> _Input_:
==============================

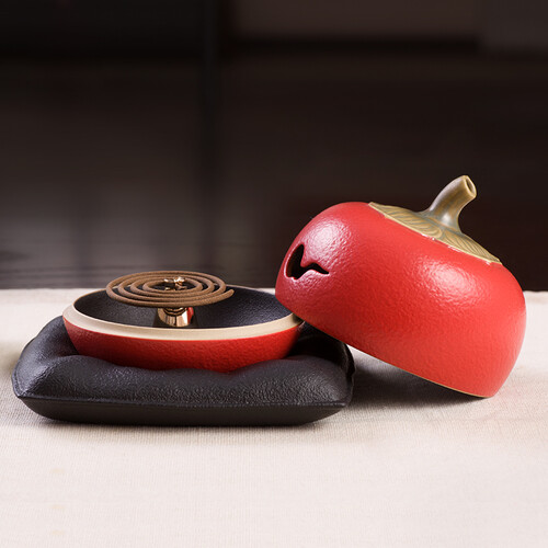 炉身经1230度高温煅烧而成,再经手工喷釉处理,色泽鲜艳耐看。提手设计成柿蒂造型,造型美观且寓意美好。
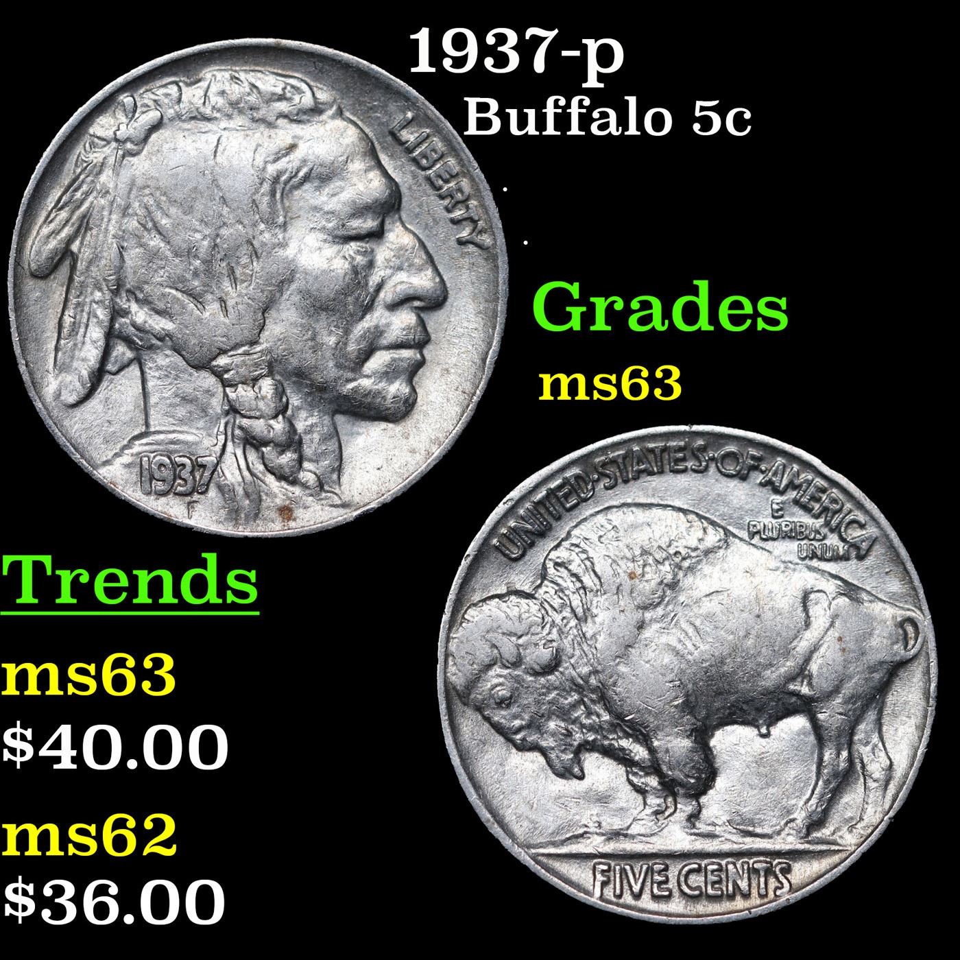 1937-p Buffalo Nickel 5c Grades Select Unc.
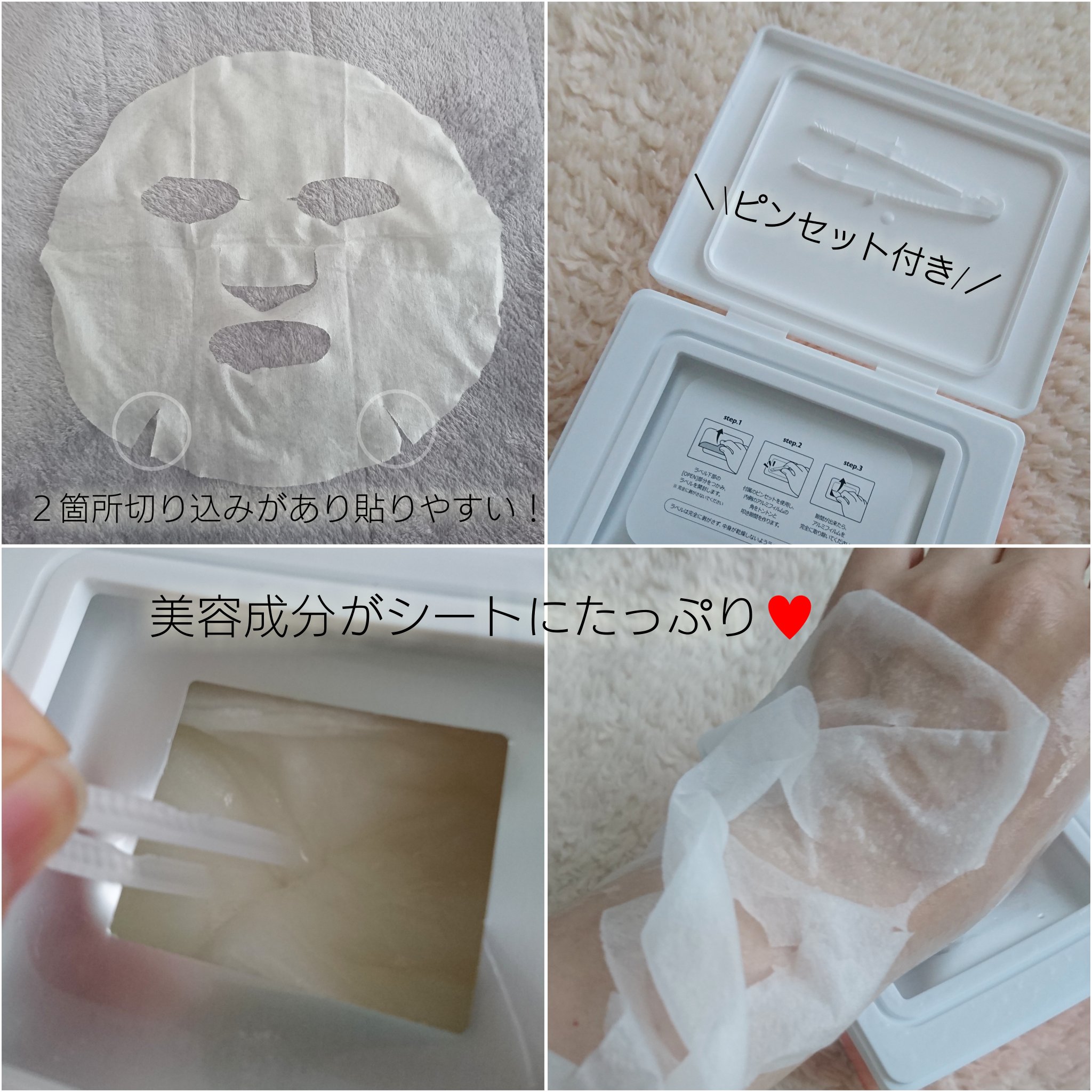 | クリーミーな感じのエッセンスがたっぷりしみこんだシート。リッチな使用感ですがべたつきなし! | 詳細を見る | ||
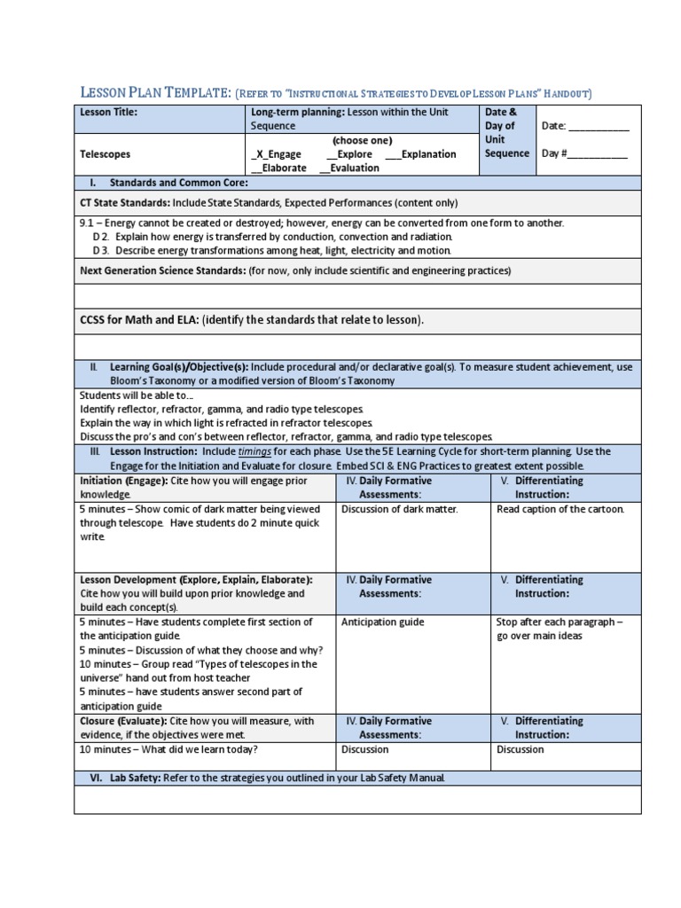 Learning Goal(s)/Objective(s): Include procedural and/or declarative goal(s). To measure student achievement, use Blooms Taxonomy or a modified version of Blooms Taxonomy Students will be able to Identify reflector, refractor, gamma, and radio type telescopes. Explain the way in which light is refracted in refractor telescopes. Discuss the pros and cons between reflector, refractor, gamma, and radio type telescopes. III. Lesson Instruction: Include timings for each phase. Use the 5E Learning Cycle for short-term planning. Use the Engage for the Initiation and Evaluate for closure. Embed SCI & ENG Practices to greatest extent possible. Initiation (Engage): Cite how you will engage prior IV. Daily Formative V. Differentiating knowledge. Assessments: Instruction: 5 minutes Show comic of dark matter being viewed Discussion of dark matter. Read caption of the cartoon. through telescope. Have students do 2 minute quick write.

==============================

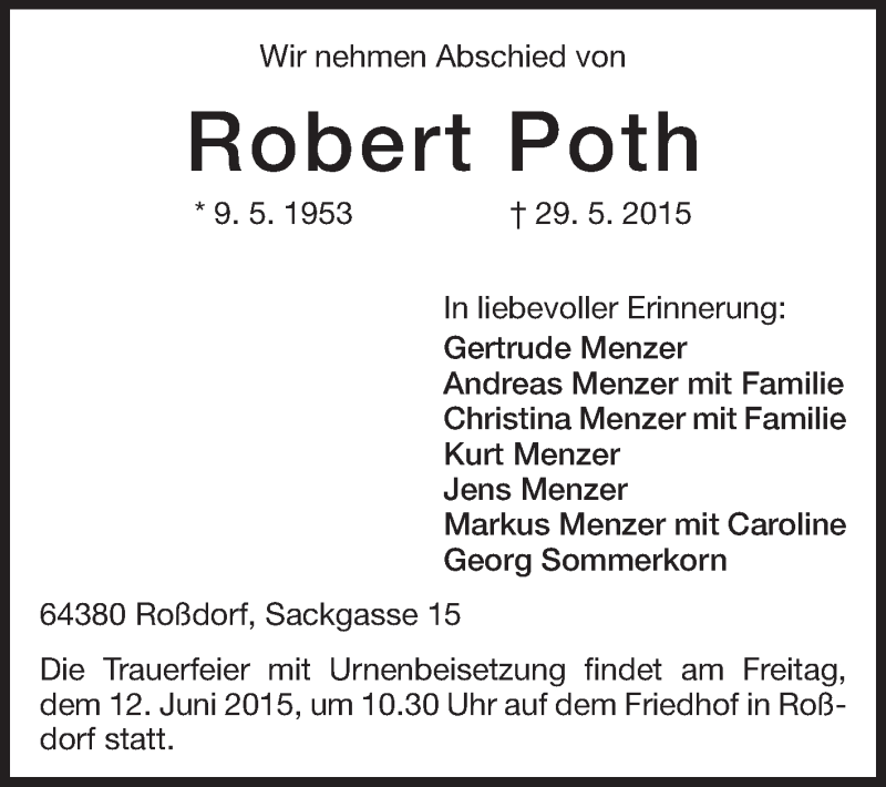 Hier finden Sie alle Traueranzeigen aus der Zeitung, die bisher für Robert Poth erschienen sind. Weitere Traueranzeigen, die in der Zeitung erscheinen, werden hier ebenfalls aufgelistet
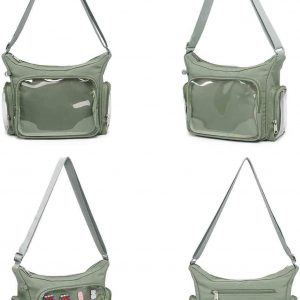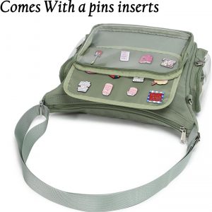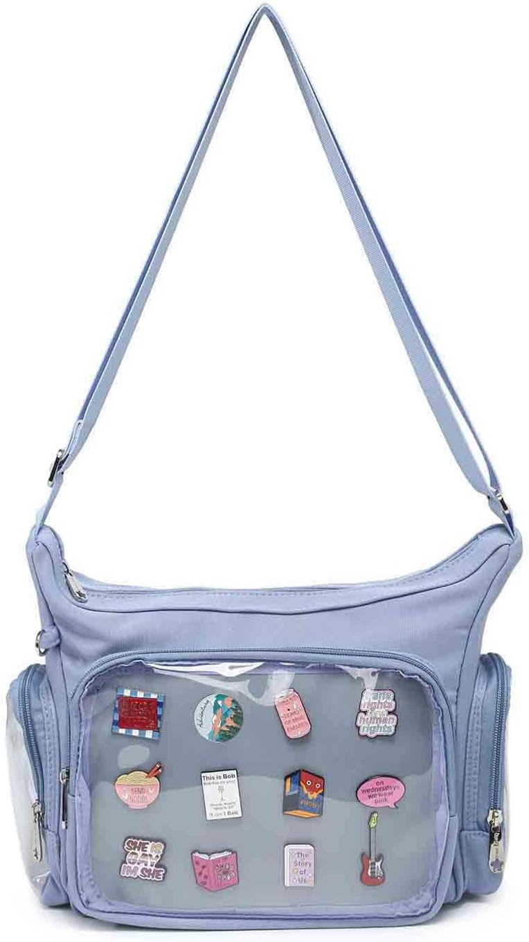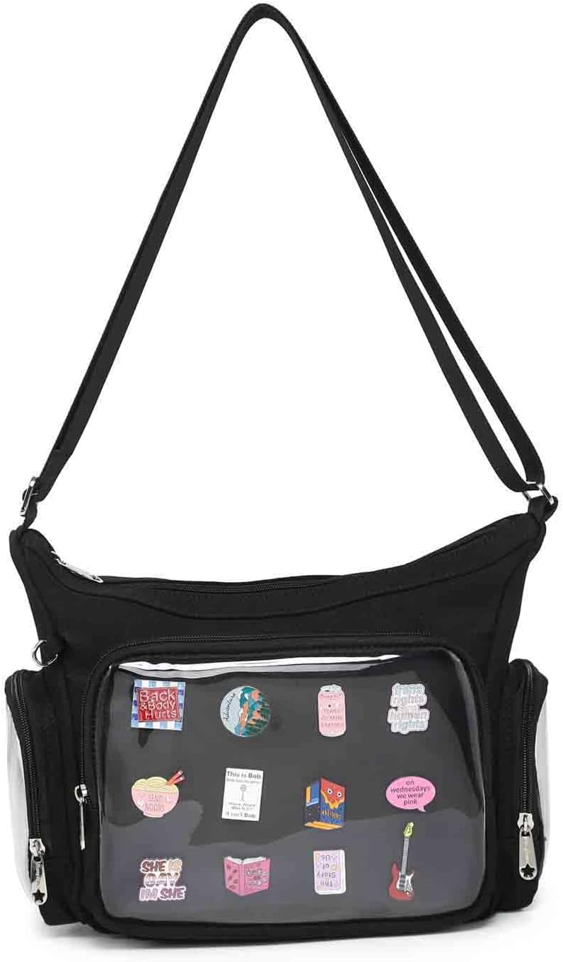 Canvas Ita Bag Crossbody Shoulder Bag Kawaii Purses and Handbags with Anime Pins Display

==============================

> _Work required_: Though the entries above contain pictures, none should be copied; reproduce only the lines between the one holding "1937-p Buffalo Nickel 5c Grades Select Unc." and the one holding "クリーミーな感じのエッセンスがたっぷりしみこんだシート。リッチな使用感ですがべたつきなし! | 詳細を見る | ||", inclusive, exactly as written.

> _Reply to the task_:
 1937-p Buffalo Nickel 5c Grades Select Unc.
 | クリーミーな感じのエッセンスがたっぷりしみこんだシート。リッチな使用感ですがべたつきなし! | 詳細を見る | ||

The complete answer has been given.